Your answer should be the entire listing, printed exactly.

Data extract →
((
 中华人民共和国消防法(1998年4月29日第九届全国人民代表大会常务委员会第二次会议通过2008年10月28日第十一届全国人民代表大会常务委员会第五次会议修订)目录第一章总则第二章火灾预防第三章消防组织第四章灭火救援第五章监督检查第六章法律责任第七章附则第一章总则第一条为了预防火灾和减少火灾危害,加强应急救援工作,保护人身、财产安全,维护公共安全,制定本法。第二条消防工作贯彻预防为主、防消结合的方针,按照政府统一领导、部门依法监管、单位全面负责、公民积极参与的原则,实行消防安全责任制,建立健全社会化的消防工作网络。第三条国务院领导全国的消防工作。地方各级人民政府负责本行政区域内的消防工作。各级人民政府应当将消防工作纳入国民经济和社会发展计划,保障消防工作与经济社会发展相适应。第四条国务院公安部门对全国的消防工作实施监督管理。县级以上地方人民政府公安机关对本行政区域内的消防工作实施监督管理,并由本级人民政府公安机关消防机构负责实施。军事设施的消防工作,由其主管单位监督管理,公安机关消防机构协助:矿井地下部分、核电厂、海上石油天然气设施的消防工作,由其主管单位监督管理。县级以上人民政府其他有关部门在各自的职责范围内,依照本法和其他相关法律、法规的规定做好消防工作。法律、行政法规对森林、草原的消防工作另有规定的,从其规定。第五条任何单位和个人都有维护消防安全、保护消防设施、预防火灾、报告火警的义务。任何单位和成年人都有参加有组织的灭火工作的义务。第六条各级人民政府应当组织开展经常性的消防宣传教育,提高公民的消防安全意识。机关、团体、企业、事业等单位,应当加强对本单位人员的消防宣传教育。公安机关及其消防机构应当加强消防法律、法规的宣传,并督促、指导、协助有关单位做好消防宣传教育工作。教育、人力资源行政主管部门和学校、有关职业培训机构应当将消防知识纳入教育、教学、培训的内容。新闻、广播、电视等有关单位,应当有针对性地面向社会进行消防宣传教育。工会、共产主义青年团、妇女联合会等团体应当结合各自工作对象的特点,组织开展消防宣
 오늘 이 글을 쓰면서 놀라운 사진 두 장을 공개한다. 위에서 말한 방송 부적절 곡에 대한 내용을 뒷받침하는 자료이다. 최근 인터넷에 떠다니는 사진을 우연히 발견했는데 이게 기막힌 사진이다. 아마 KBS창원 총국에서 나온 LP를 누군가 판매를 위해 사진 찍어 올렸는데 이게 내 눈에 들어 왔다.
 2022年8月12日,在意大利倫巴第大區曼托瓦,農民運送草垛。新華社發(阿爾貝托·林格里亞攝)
))
Reply →
 中华人民共和国消防法(1998年4月29日第九届全国人民代表大会常务委员会第二次会议通过2008年10月28日第十一届全国人民代表大会常务委员会第五次会议修订)目录第一章总则第二章火灾预防第三章消防组织第四章灭火救援第五章监督检查第六章法律责任第七章附则第一章总则第一条为了预防火灾和减少火灾危害,加强应急救援工作,保护人身、财产安全,维护公共安全,制定本法。第二条消防工作贯彻预防为主、防消结合的方针,按照政府统一领导、部门依法监管、单位全面负责、公民积极参与的原则,实行消防安全责任制,建立健全社会化的消防工作网络。第三条国务院领导全国的消防工作。地方各级人民政府负责本行政区域内的消防工作。各级人民政府应当将消防工作纳入国民经济和社会发展计划,保障消防工作与经济社会发展相适应。第四条国务院公安部门对全国的消防工作实施监督管理。县级以上地方人民政府公安机关对本行政区域内的消防工作实施监督管理,并由本级人民政府公安机关消防机构负责实施。军事设施的消防工作,由其主管单位监督管理,公安机关消防机构协助:矿井地下部分、核电厂、海上石油天然气设施的消防工作,由其主管单位监督管理。县级以上人民政府其他有关部门在各自的职责范围内,依照本法和其他相关法律、法规的规定做好消防工作。法律、行政法规对森林、草原的消防工作另有规定的,从其规定。第五条任何单位和个人都有维护消防安全、保护消防设施、预防火灾、报告火警的义务。任何单位和成年人都有参加有组织的灭火工作的义务。第六条各级人民政府应当组织开展经常性的消防宣传教育,提高公民的消防安全意识。机关、团体、企业、事业等单位,应当加强对本单位人员的消防宣传教育。公安机关及其消防机构应当加强消防法律、法规的宣传,并督促、指导、协助有关单位做好消防宣传教育工作。教育、人力资源行政主管部门和学校、有关职业培训机构应当将消防知识纳入教育、教学、培训的内容。新闻、广播、电视等有关单位,应当有针对性地面向社会进行消防宣传教育。工会、共产主义青年团、妇女联合会等团体应当结合各自工作对象的特点,组织开展消防宣
 오늘 이 글을 쓰면서 놀라운 사진 두 장을 공개한다. 위에서 말한 방송 부적절 곡에 대한 내용을 뒷받침하는 자료이다. 최근 인터넷에 떠다니는 사진을 우연히 발견했는데 이게 기막힌 사진이다. 아마 KBS창원 총국에서 나온 LP를 누군가 판매를 위해 사진 찍어 올렸는데 이게 내 눈에 들어 왔다.
 2022年8月12日,在意大利倫巴第大區曼托瓦,農民運送草垛。新華社發(阿爾貝托·林格里亞攝)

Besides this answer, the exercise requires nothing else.